Hi Michael,
I’ve tried to apply DESeq in two sample comparison, and it works well. It is really great for the NGS data analysis.
Now I tried to analysis multiple groups. Though I checked the section about glm model and refer to limma package and look for some answers in BioC posts, I was still stuck and confused. Will you help me to clarify it?
The first question:
For example, if the experiment contain two genotypes(”W“ and ”M“), and each with a factor Treatment (“U” and ”T” stand for “untreated“ and ”treated“ respectively). So I got four groups (“WU”,”WT”,”MU”,”MT”).
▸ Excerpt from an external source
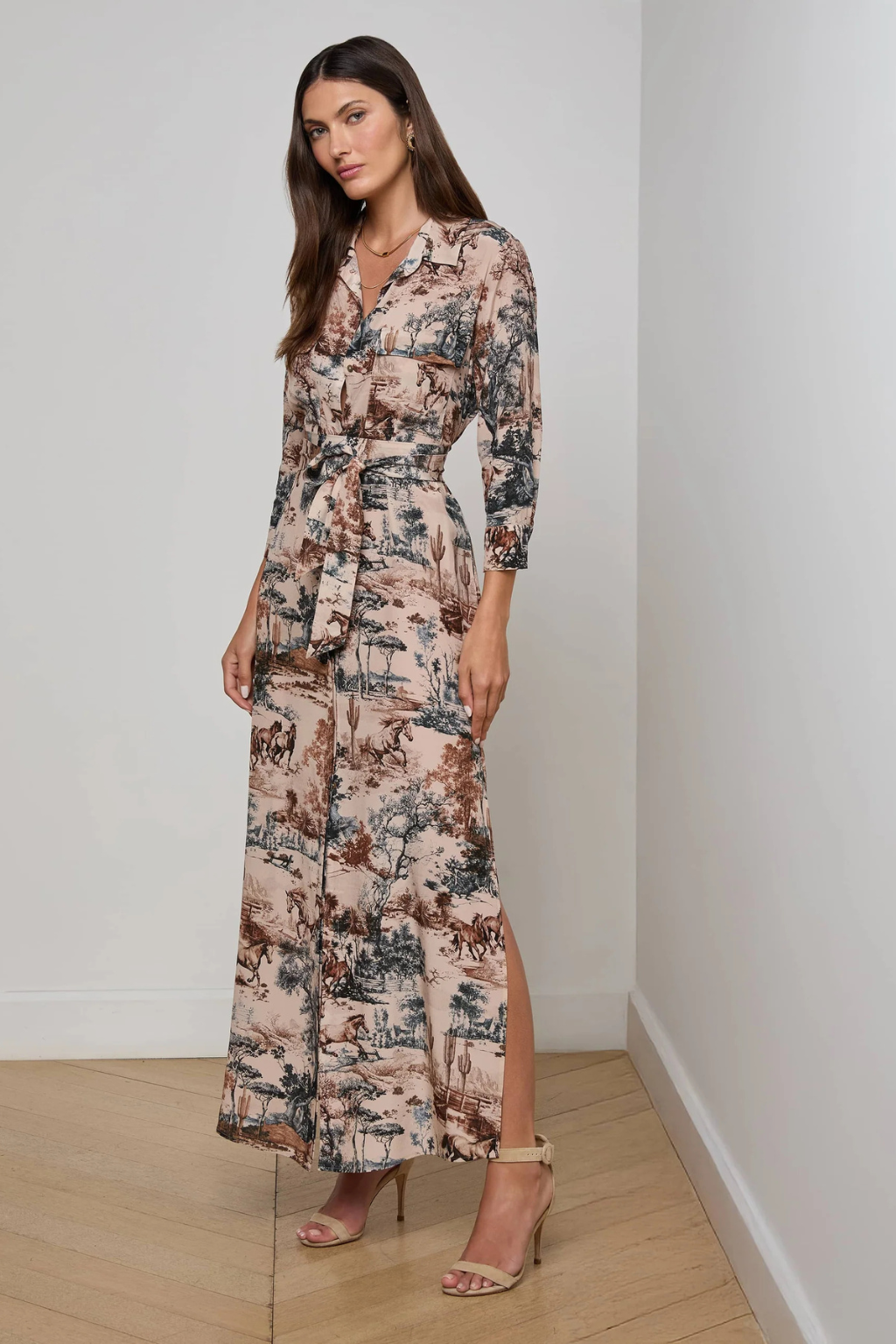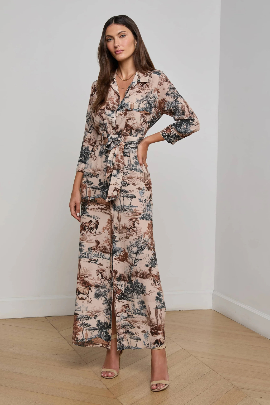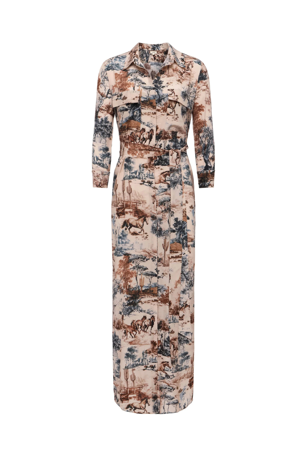 Deep side slits encourage dramatic movement on our all-time bestselling silk shirt dress, now back in an eye-catching Western toile print. Wear the Cameron on its own or as a duster with jeans and a camisole.

Now I want to find out genes response to treatment independent of genotypes, so I should compared WT vs WU, and get a differential expression gene set designed as A, while MT vs MU got a list B, and then find out the intersection of A and B(A∩B)?
If I want to find out genes that differentially response to treatment between genotype, i.e. the differences between set A and Set B as (A∪B-A∩B)?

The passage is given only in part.